Nothing but the lines from the first line of the records through the line with "Длинноногая блондинка в" should be output, exactly as written and free of pictures.
::: Supplied material
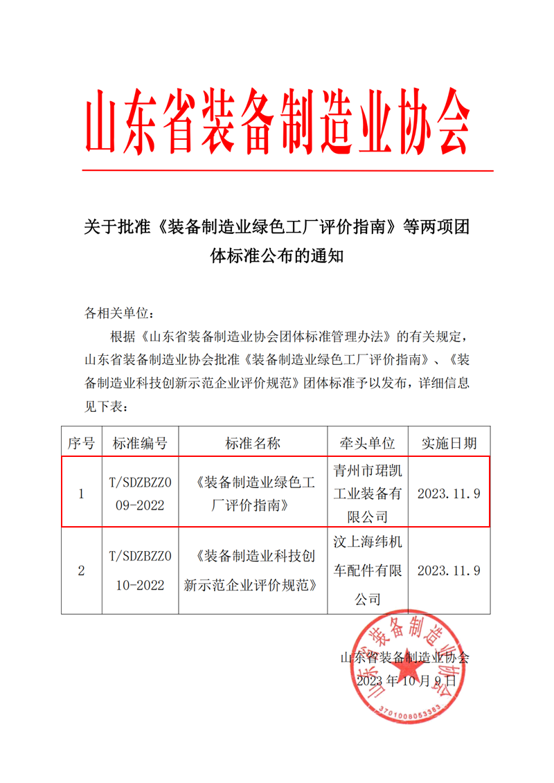 日前,由我公司作为主要起草单位参与编制的《装备制造业绿色工厂评价指南》(T/SDZBZZ 009-2022)标准经山东省装备制造业协会批准,正式发布实施。标准编制中,我公司王艳萍、刘元鹏两位高级工程师全程参与,贡献了Ebpay专家的智慧和力量。
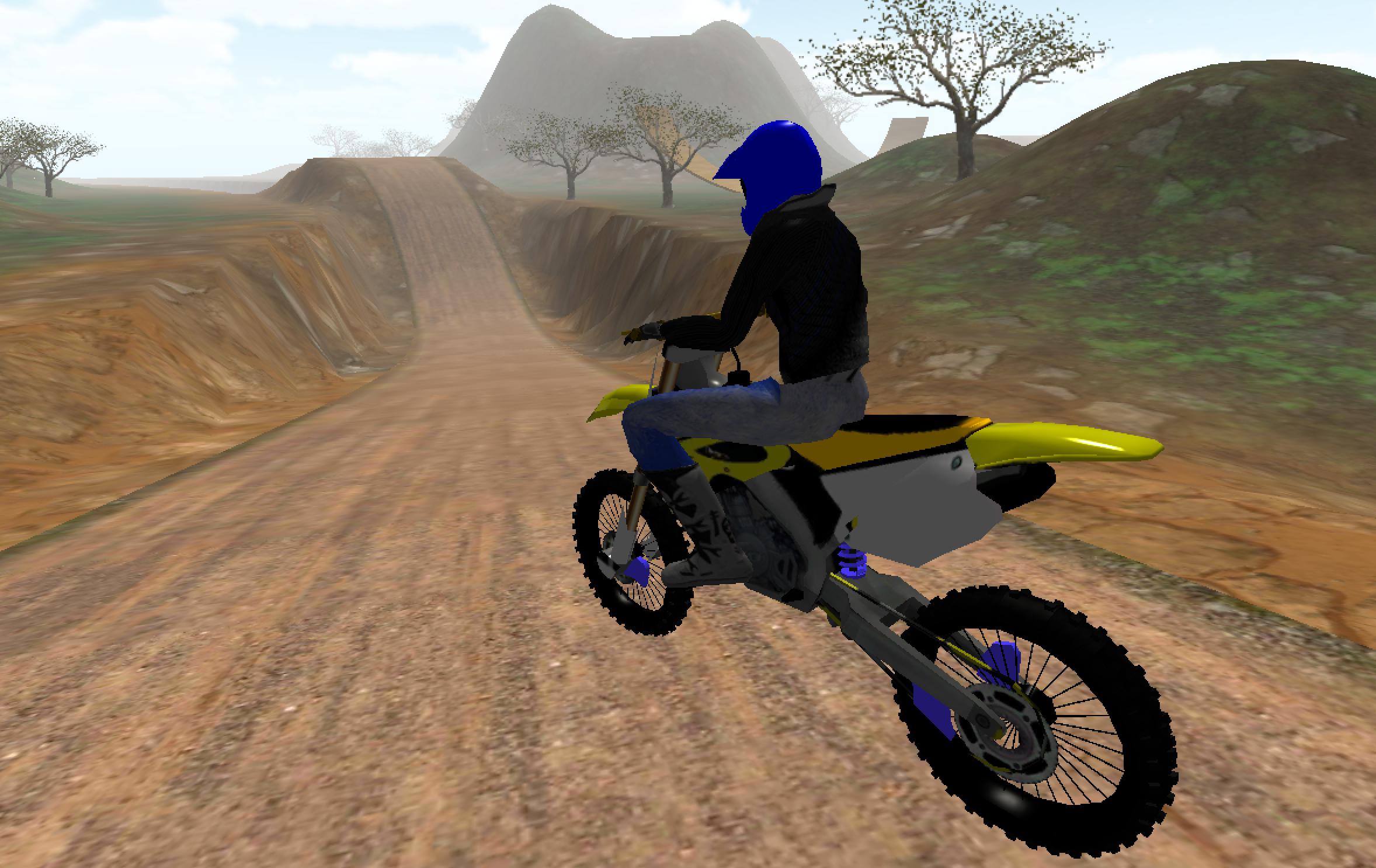 With this free motocross racing game simulator you can drive on a extreme long rally road or explore jumps and big off road hills! The game has a huge open world environment with mountains, hills and a long rally road. Jump high and earn points for your new best high score. Perform crazy jumps with full speed or crash with the two other motocross driver opponents in this free game. If you like motocross games this will be your new favorite motorbike simulator game.
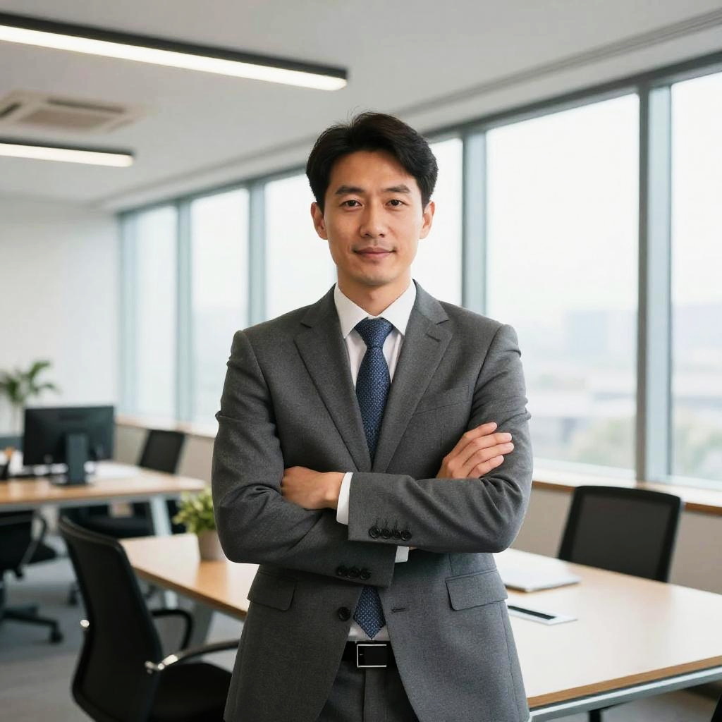 Photograph of an Asian man with short black hair, wearing a dark gray suit, white shirt, and navy blue tie, standing with arms crossed in a modern office. He has a fair complexion and a slight smile. The office features large windows allowing natural light, wooden desks with black office chairs, and a potted plant in the background. Fluorescent lights are visible on the ceiling. The overall setting is professional and bright, with a clean, minimalist design.
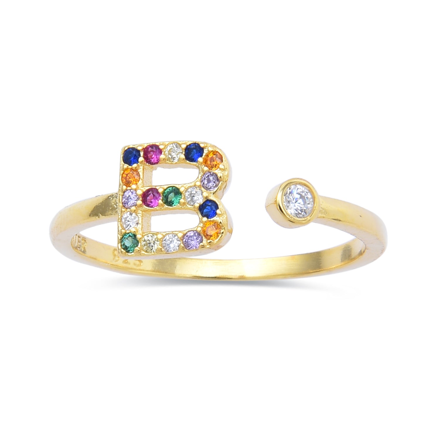 Anillo B Plata de Ley 925 y Circonita Multicolor acabado en oro amarillo de 18 Quilates. Además de lograr estilismos para trotar por el mundo nuestros diseños marcan la diferencia y consiguen que esa diferencia sea radical. Diseños realizados cuidadosamente a mano con materiales y circonitas brillantes de primera calidad dan vida a un Alfabeto de diferentes tamaños. Su exotismo: iniciales sobre Plata de Ley 925, solo es comparable con su recato. Intuitiva, ponderada acierta cada vez que te lo pones y representa como pocas el carácter urbano más cosmopolita: BE AUTHENTIC (NOT) UNIQUE.
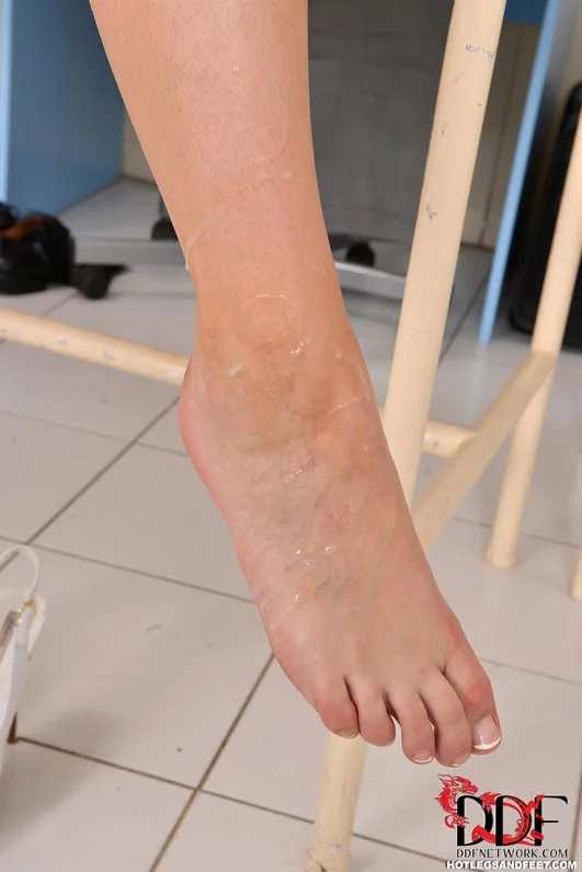 Длинноногая блондинка в чулках, сладкая кошечка, кончает доктору на босые ноги
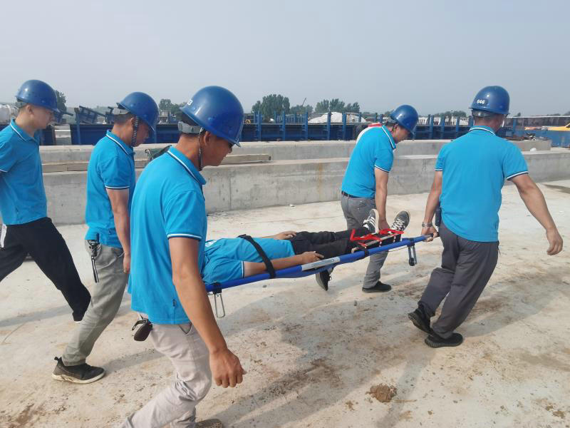 應急演練模擬了一名橋梁作業(yè)人員在施工時不慎墜落,導致左腿小腿骨折,身上多處擦傷的情景。模擬事故發(fā)生后,現(xiàn)場管理人員第一時間向應急救援小組報告情況,由項目經(jīng)理王俊生任總指揮,各應急救援工作小組接到命令后迅速抵達事故現(xiàn)場,并及時疏散圍觀群眾,防止事態(tài)進一步惡化。技術方案組負責制定應急方案;搶險救援組負責轉移物資;醫(yī)療調查組對傷員傷口進行止血、包扎,借助繃帶包扎夾板對受傷部位上下關節(jié)進行固定,并將傷員轉移至應急救援車上;安全保衛(wèi)組負責警戒、撤離無關人員和安全巡查,同時對事故現(xiàn)場進行清理,恢復正常的作業(yè)條件。
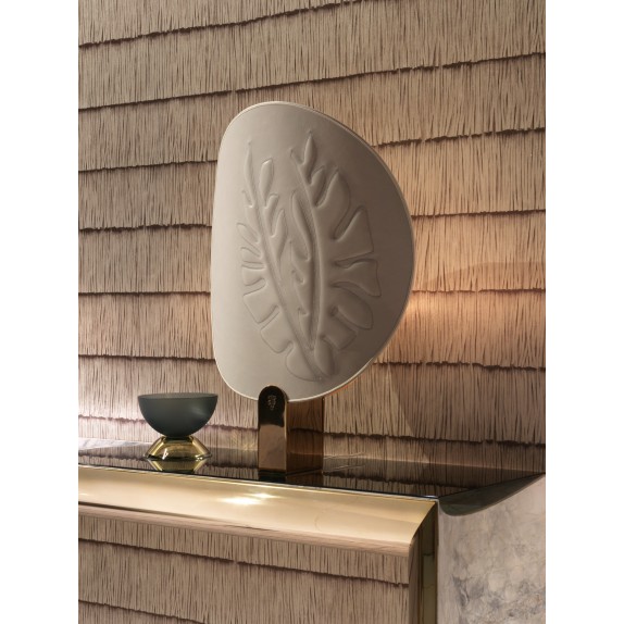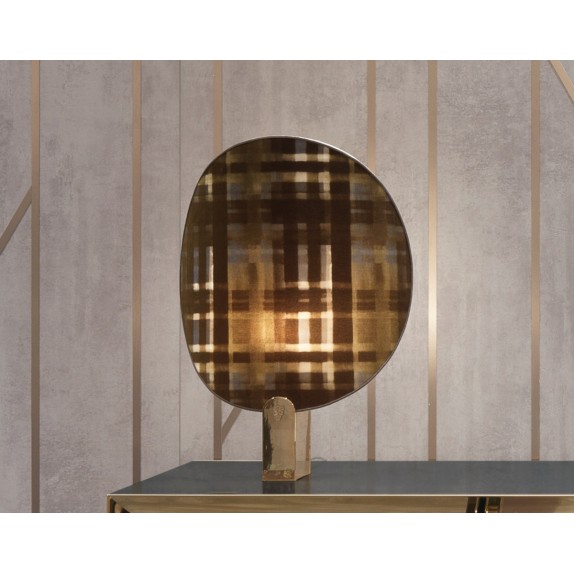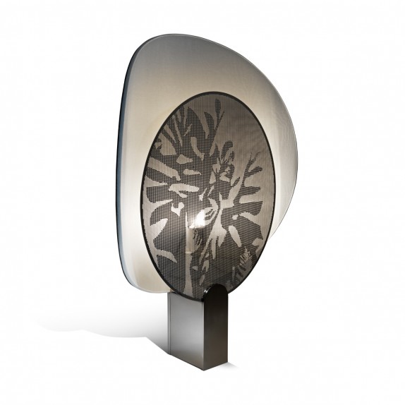 Lampe de table à une lumière avec base en métal poli ou satiné, avec abat-jour vertical en forme d'éventail concave en tissu imprimé floral (disponible également selon l'échantillon de tissu), avec diffuseur interne en moiré ivoire. Abat-jour arrière anti-éblouissant en acier inoxydable micro-perforé à texture graphique florale. Douille en laiton tourné et ampoule G9 40W avec diffuseur en verre. Pièces métalliques disponibles dans la sélection de finitions métalliques.
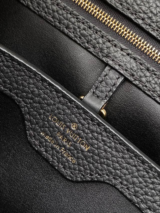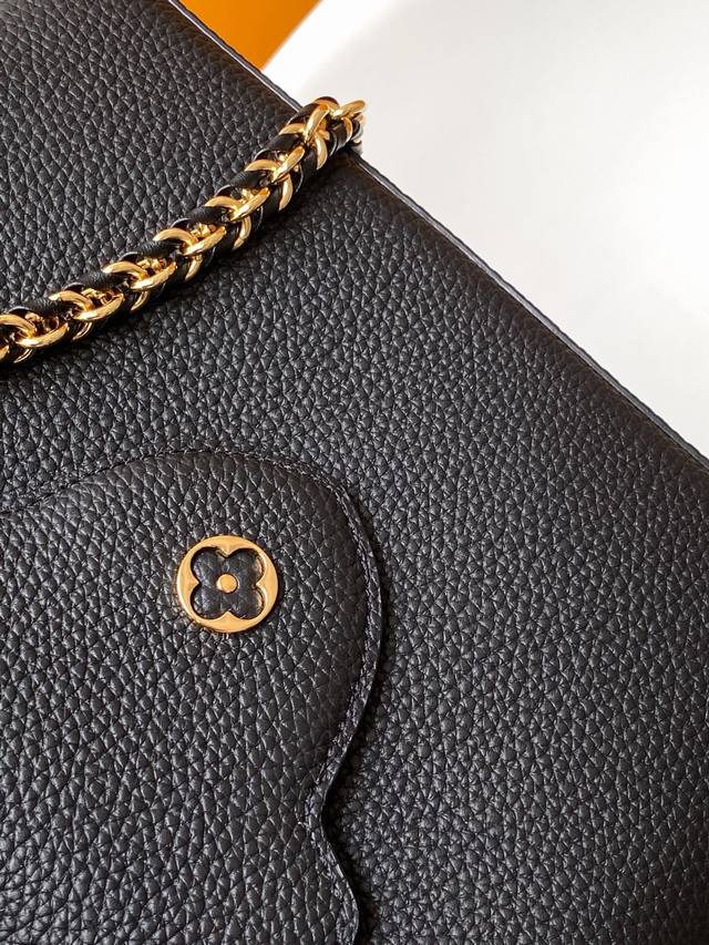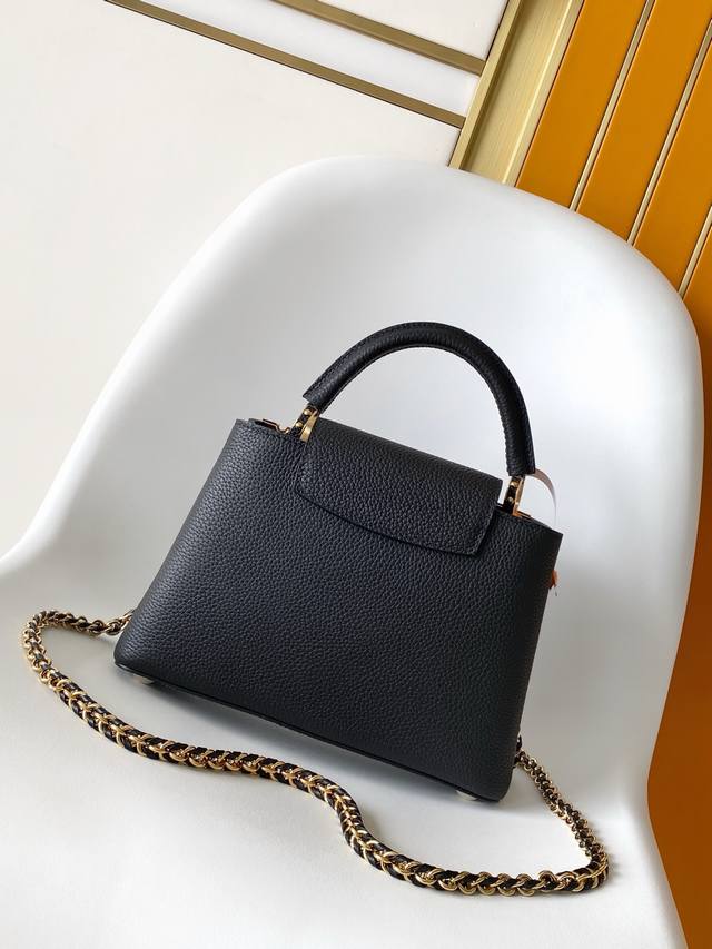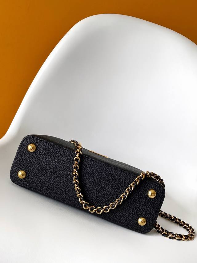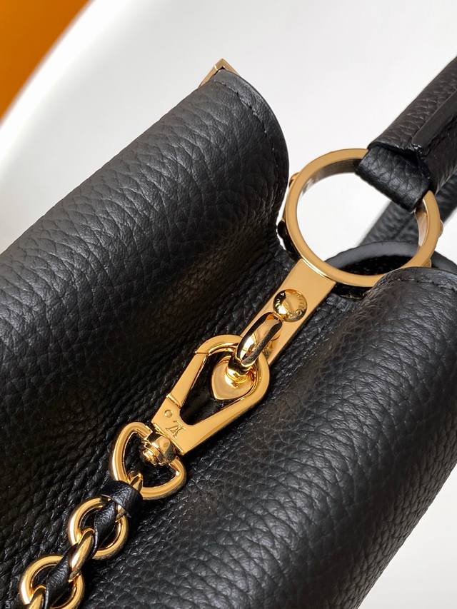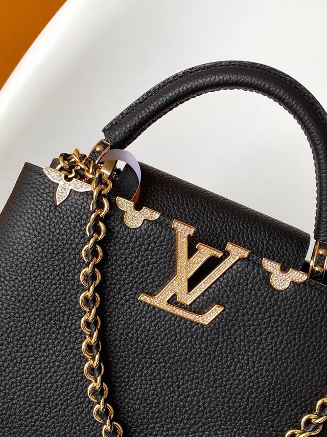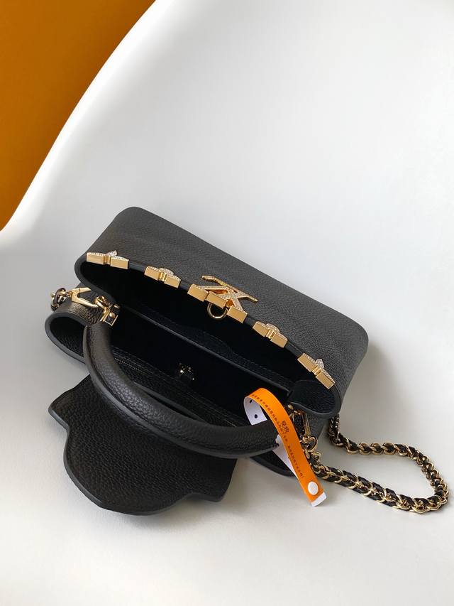 M24583 Metallic M24584 Red M24585 Black Gold Diamond Baker Flower. This Capucines Bb bag features a Monogram flower depicted in a shimmering shell, elegantly blossoming along the upper edge. The jewel-like Lv initials complement the bag, embodying Louis Vuitton's signature feminine style. A top handle and detachable slim shoulder strap offer versatile carrying options.
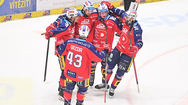 Pardubice'li hokey oyuncuları Komety kalesinde attıkları golün ardından sevinç yaşıyor.
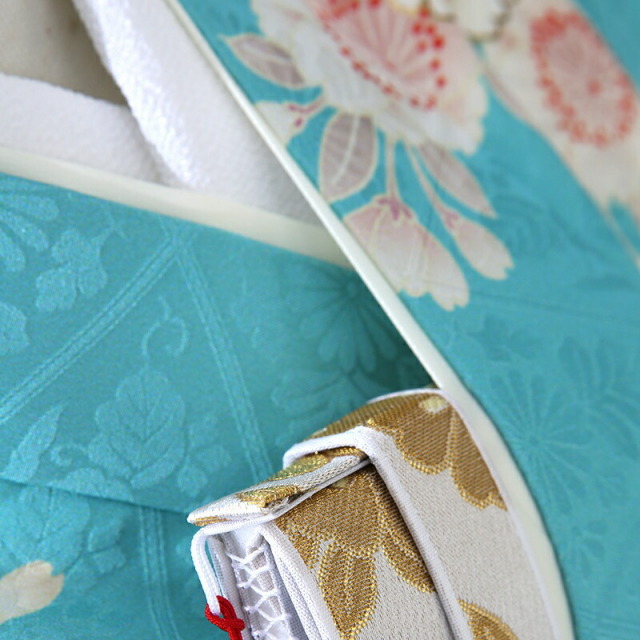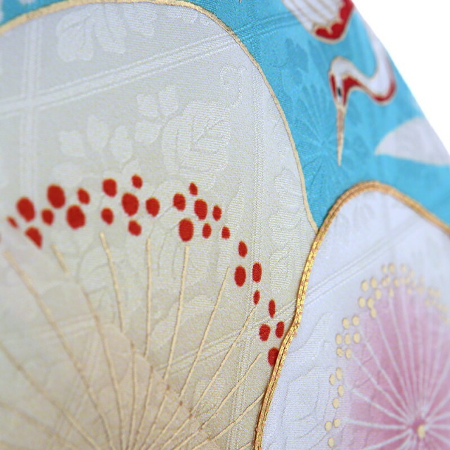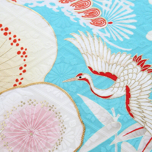 爽やかで気持ちが明るくなる幸せいっぱいのお祝い着の紹介です。着物地の鮮やかな色は「水縹(みはなだ)」と呼ばれ、藍染の薄い色で明るい青色を指します。万葉集にも記載がされている非常に古い伝統色です。文様もおめでたい意味が込められた吉祥文様が沢山描かれます。「松」は1年中美しい緑を保ち続け、「竹」は雪にも負けず真っすぐに伸び続け、「梅」は寒い冬が終わるといち早く香り高い花を咲かすことから「松竹梅」は、逆境に負けない力強さ、生命力を表しています。「鶴」は、古くから神の鳥と考えられてきました。「鶴は千年、亀は万年」と呼ばれることから長寿の象徴とされています。そして純白の羽で大空を飛ぶ気高い姿は美しく、高貴で誇り高き文様として描かれています。色彩も描かれる文様も、古来受け継がれてきた日本の伝統と格式を誇るものばかりで、正統派な一着に仕上がっています。
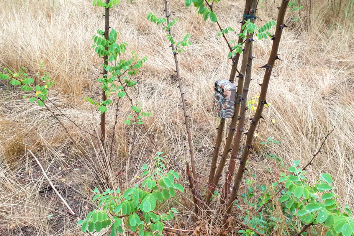 Aby som lepšie spoznal miestneho srnca a zistil, ktoré miesta v rámci svojho teritória používa najradšej, osadil som do okolia niekoľko fotopascí. Bol to trochu oriešok, pretože tam, kde bolo srnčiu aktivitu poznať najviac, sa nenachádzali žiadne hrubšie stromy. S niektorými fotopascami som preto musel improvizovať a umiestnil som ich aj na veľmi tenké agáty. Aby som predišiel množstvu planých poplachov spôsobených pohybom kríčkov vo vetre, zviazal som dva tenké kmene dokopy a upevnil na ne fotopascu.
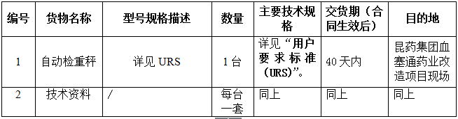 凯时尊龙集团血塞通药业自动检重秤设备采购招标公告
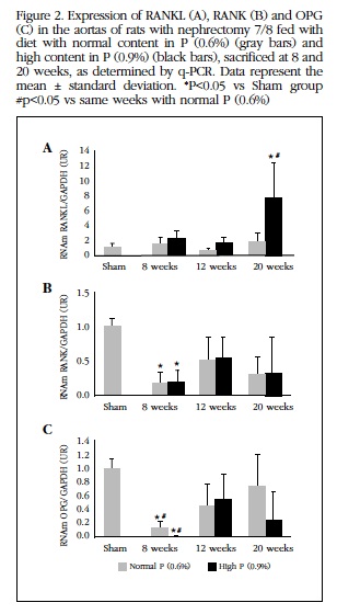 Paralelamente al incremento del contenido de Ca se produjo una elevación de la expresión de RANKL en la aorta (Figura 2A). La expresión de RANK no mostró diferencias a lo largo de la evolución de la IRC (Figura 2B), mientras que la OPG disminuyó en todos los grupos urémicos, particularmente en los que recibieron dieta con P elevado (Figura 2C).
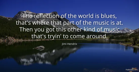 Hendrix, Jimi. "The reflection of the world is blues, that's where that part of the music is at. Then you got this other kind of music that's tryin' to come around." FixQuotes. January 17, 2026. https://fixquotes.com/quotes/the-reflection-of-the-world-is-blues-thats-where-71967/.
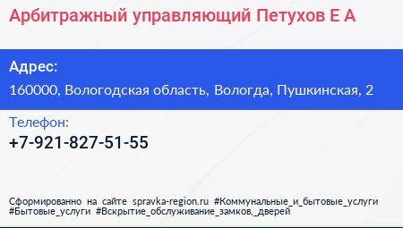 Арбитражный управляющий Петухов Е.А. по адресу 160000, Вологодская область, Вологда, Пушкинская, 2 в дальнейшем Организация, размещена в следующих категориях:
::::::
__Answer box__.
 日前,由我公司作为主要起草单位参与编制的《装备制造业绿色工厂评价指南》(T/SDZBZZ 009-2022)标准经山东省装备制造业协会批准,正式发布实施。标准编制中,我公司王艳萍、刘元鹏两位高级工程师全程参与,贡献了Ebpay专家的智慧和力量。
 With this free motocross racing game simulator you can drive on a extreme long rally road or explore jumps and big off road hills! The game has a huge open world environment with mountains, hills and a long rally road. Jump high and earn points for your new best high score. Perform crazy jumps with full speed or crash with the two other motocross driver opponents in this free game. If you like motocross games this will be your new favorite motorbike simulator game.
 Photograph of an Asian man with short black hair, wearing a dark gray suit, white shirt, and navy blue tie, standing with arms crossed in a modern office. He has a fair complexion and a slight smile. The office features large windows allowing natural light, wooden desks with black office chairs, and a potted plant in the background. Fluorescent lights are visible on the ceiling. The overall setting is professional and bright, with a clean, minimalist design.
 Anillo B Plata de Ley 925 y Circonita Multicolor acabado en oro amarillo de 18 Quilates. Además de lograr estilismos para trotar por el mundo nuestros diseños marcan la diferencia y consiguen que esa diferencia sea radical. Diseños realizados cuidadosamente a mano con materiales y circonitas brillantes de primera calidad dan vida a un Alfabeto de diferentes tamaños. Su exotismo: iniciales sobre Plata de Ley 925, solo es comparable con su recato. Intuitiva, ponderada acierta cada vez que te lo pones y representa como pocas el carácter urbano más cosmopolita: BE AUTHENTIC (NOT) UNIQUE.
 Длинноногая блондинка в чулках, сладкая кошечка, кончает доктору на босые ноги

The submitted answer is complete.